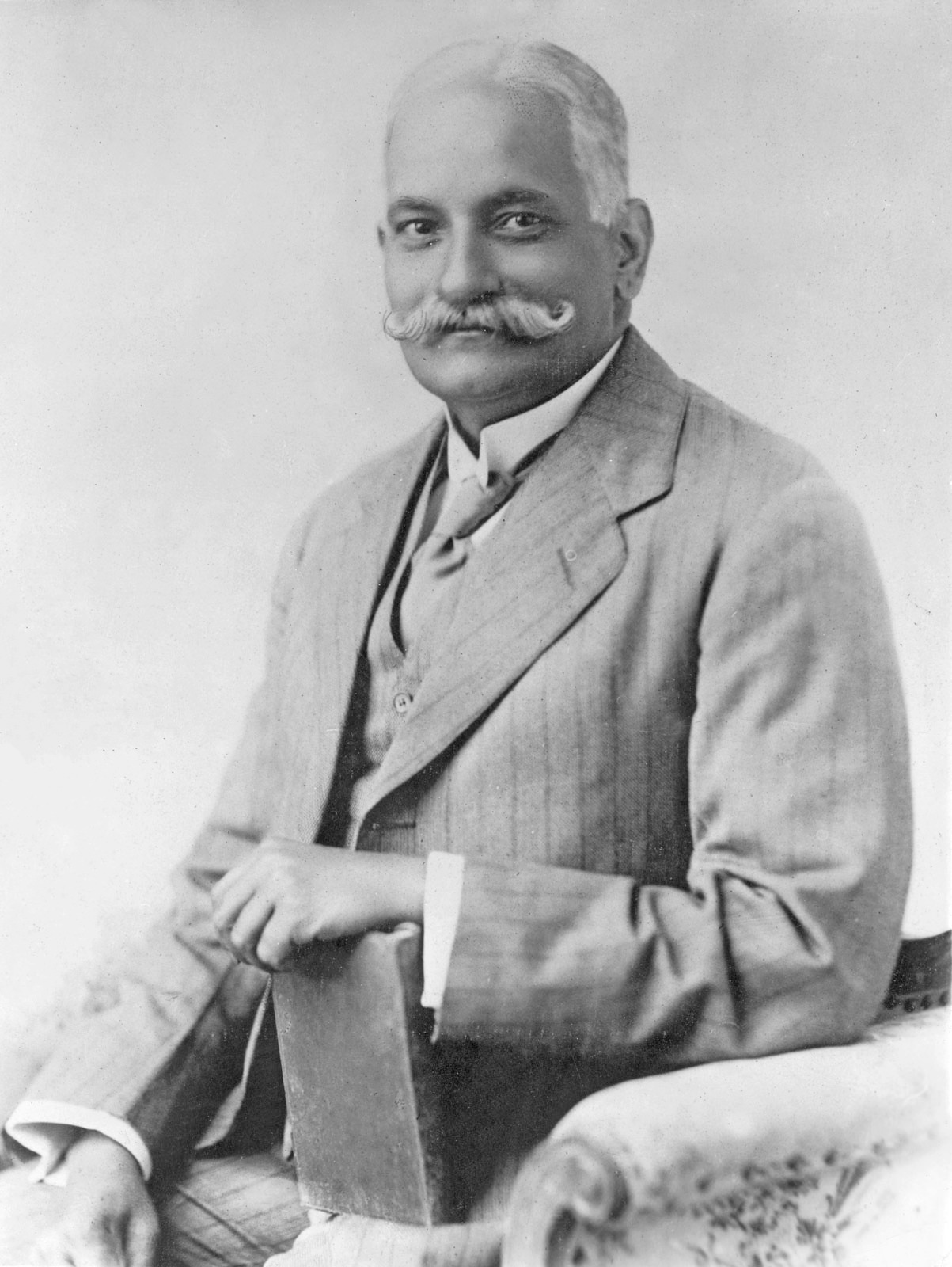 Motilal Nehru (6 May 1861 – 6 February 1931)
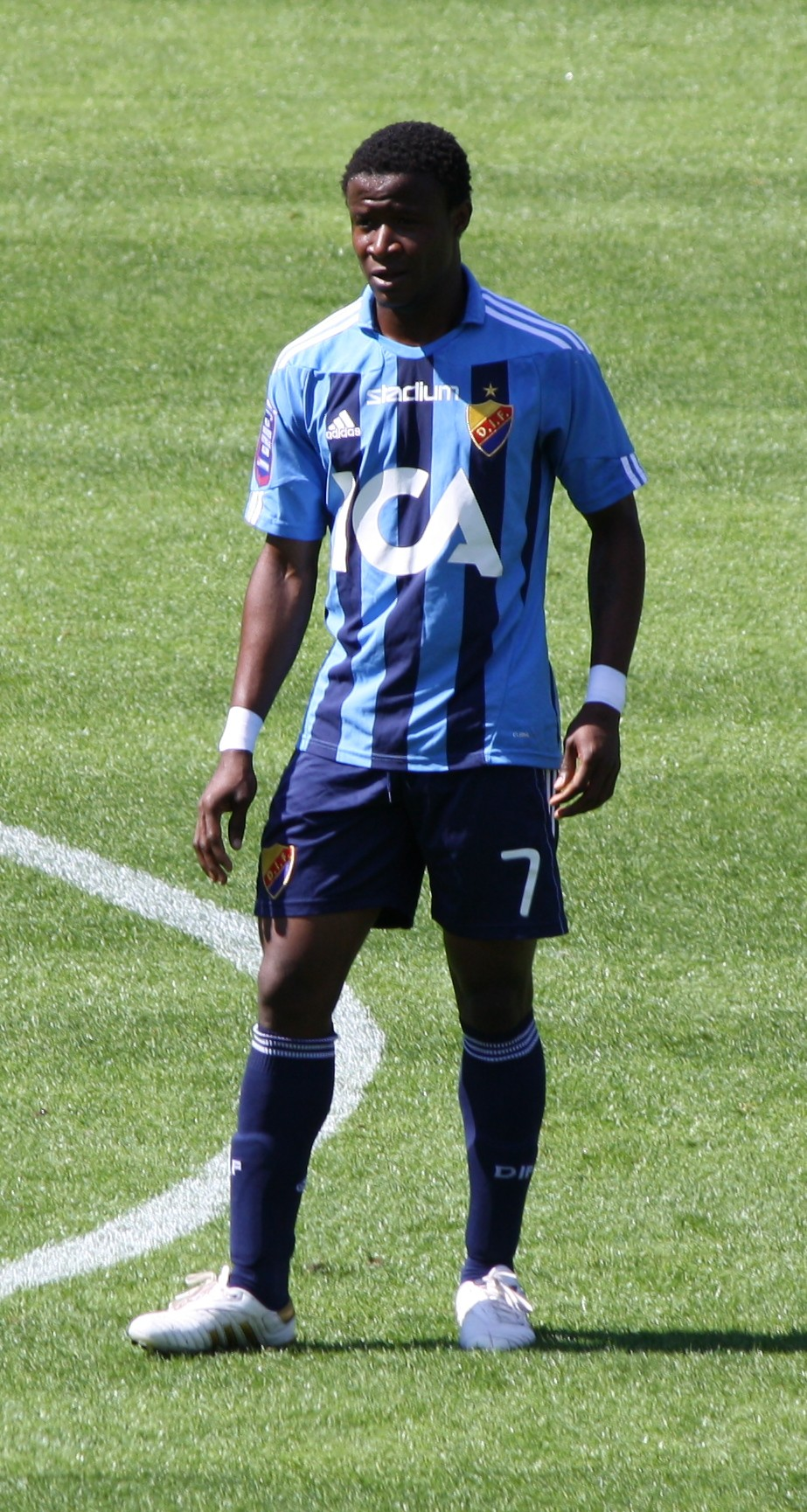 Kennedy Igboananike, Nigerian footballer.
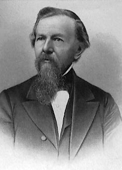 Albertus Christiaan van Raalte (born October 17, 1811, Wanneperveen, Netherlands; died July 27, 1876, Holland, Michigan) was an 19th century pastor in the Reformed Church in America. He led the Dutch immigrants who founded the city of Holland, Michigan in 1846 and established the school that would become Hope College. He was involved in the 1857 Secession of the Christian Reformed Church from the Reformed Church in America.
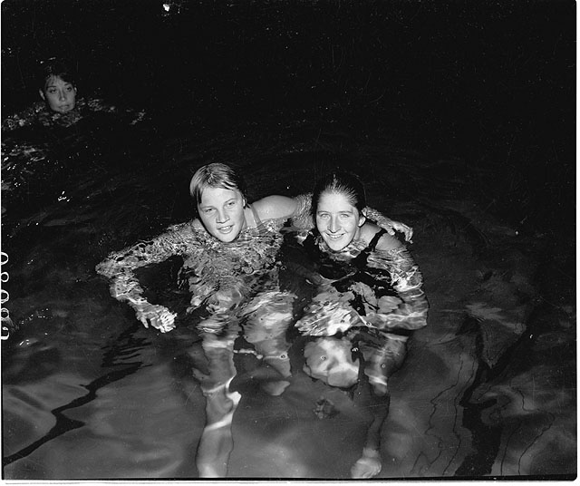 Format: Film photonegative Notes: Find more detailed information about this photograph: .au/staff/item/itemDetailPaged.aspx?itemID... Search for more great images in the State Library's collections: .au/search/SimpleSearch.aspx From the collection of the State Library of New South Wales
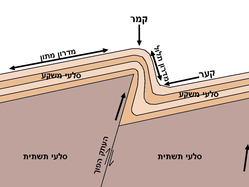 Structure of Makhtesh monocline
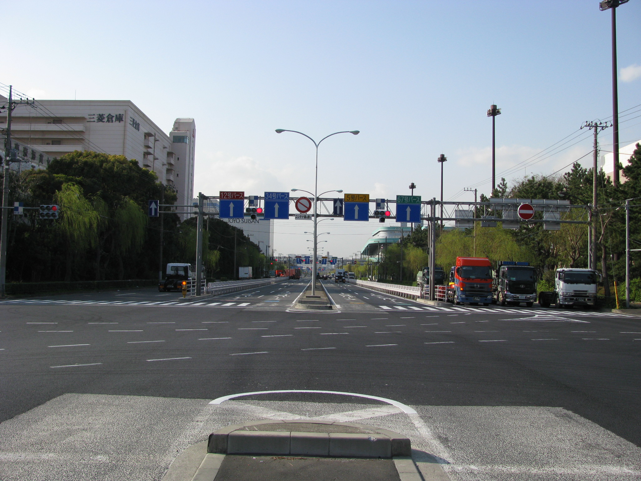 The Tokyo Prefectural Route 316. This place is Tōkai in Ōta, Tokyo, Japan.
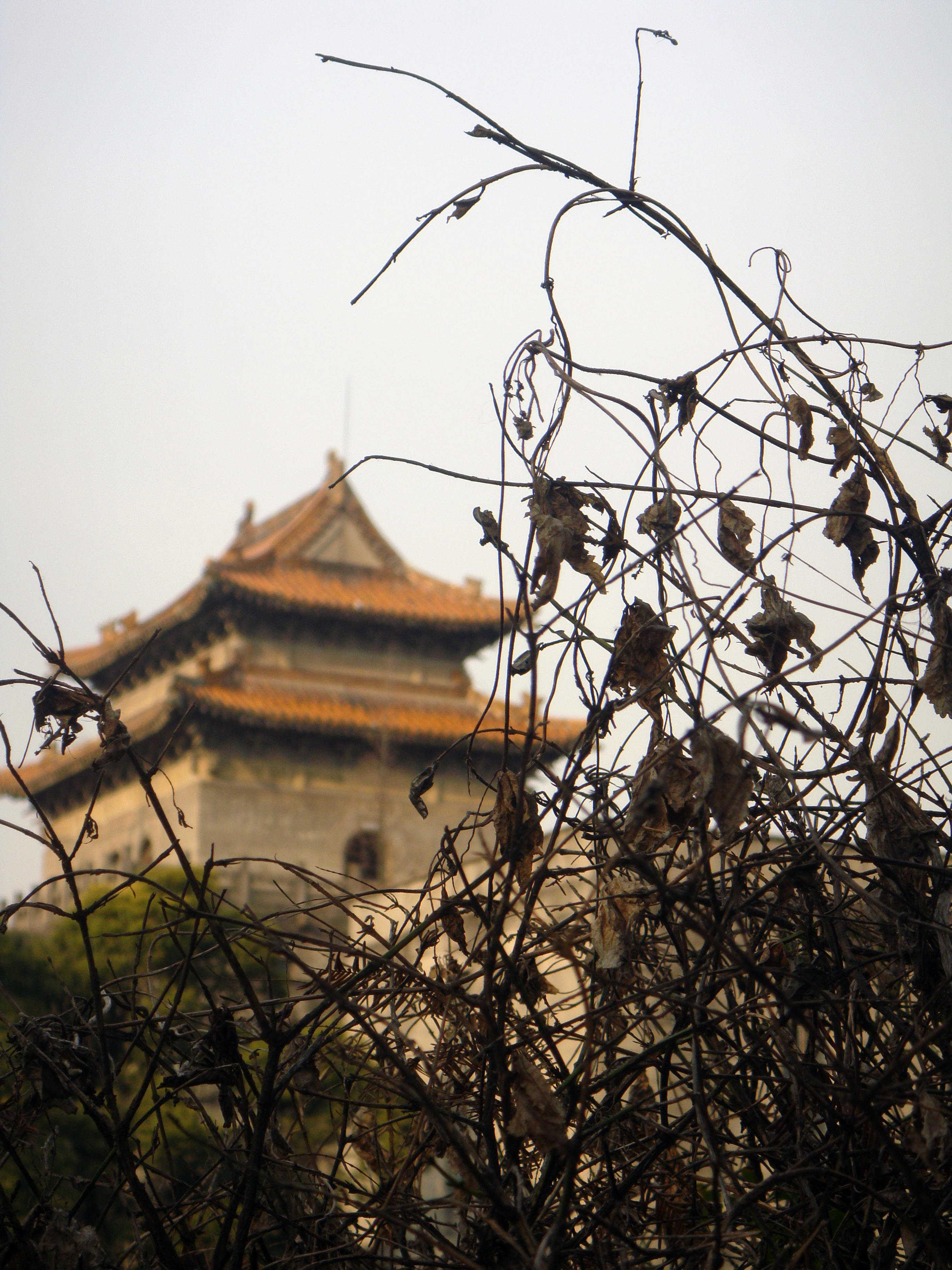 Shanghai Library (1936-1949) Tower
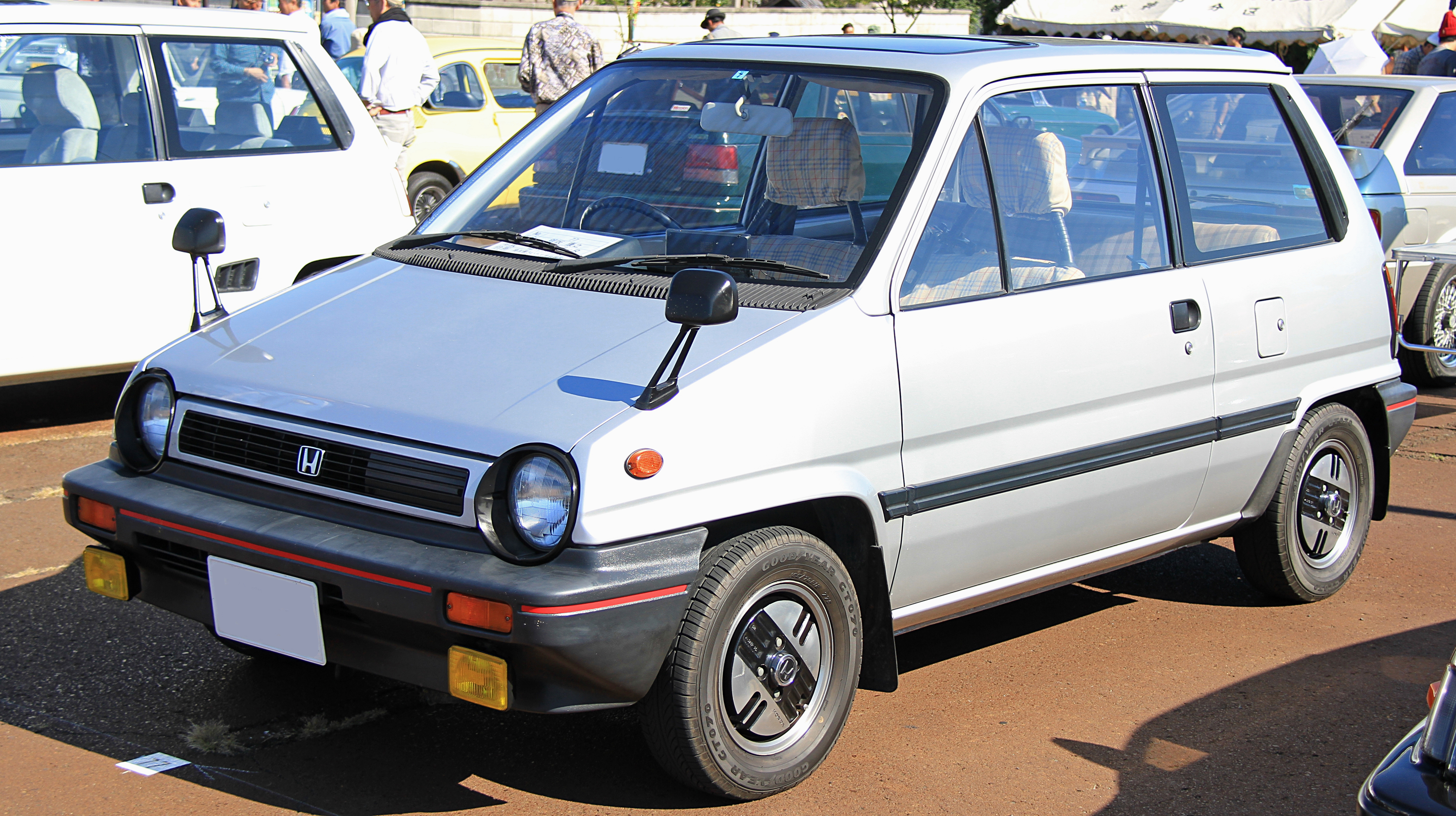 Honda City
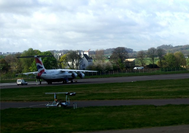 Castle Gogar With BA Connect plane G-BZAY being serviced at the south corner of Edinburgh Airport
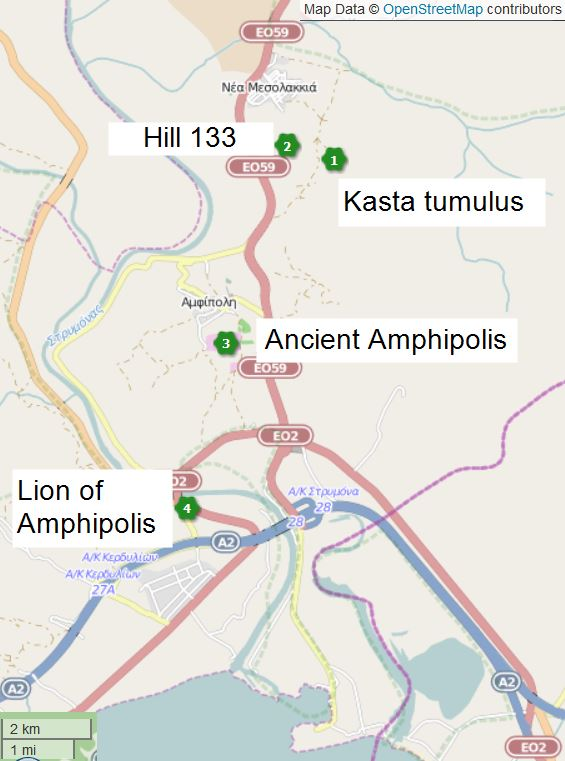 Kasta tumulus, Amphipolis and Lion of Amphipolis location map (For the edition in Greek see File:Kasta tumulus and Lion of Amphipolis location map gr.jpg, for a dynamic map, see in voy:el:Τύμβος Καστά
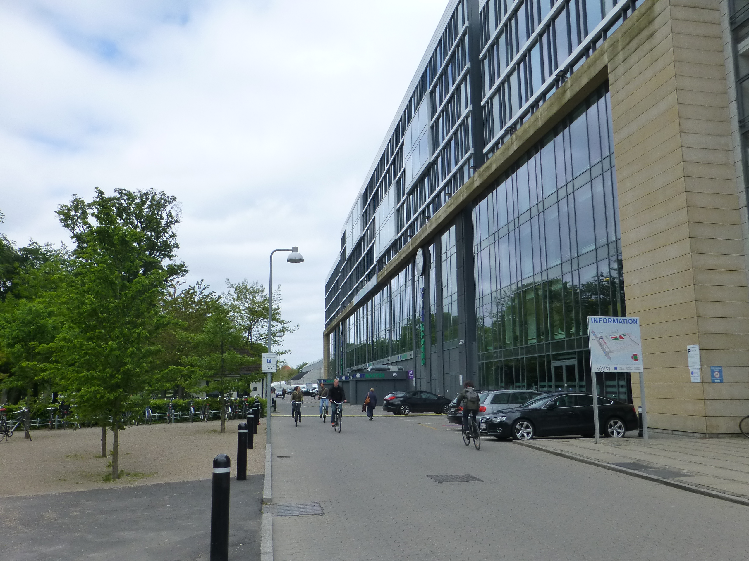 The street Per Henrik Lings Allé at the national soccer stadium Parken in Østerbro in Copenhagen.
------------------------------------------------
» **ASSIGNMENT**
Copy exactly the lines from the one containing "Kasta tumulus, Amphipolis" through the final line of the records above, both included, and leave out any pictures.

» **WRITTEN REPLY**
 Kasta tumulus, Amphipolis and Lion of Amphipolis location map (For the edition in Greek see File:Kasta tumulus and Lion of Amphipolis location map gr.jpg, for a dynamic map, see in voy:el:Τύμβος Καστά
 The street Per Henrik Lings Allé at the national soccer stadium Parken in Østerbro in Copenhagen.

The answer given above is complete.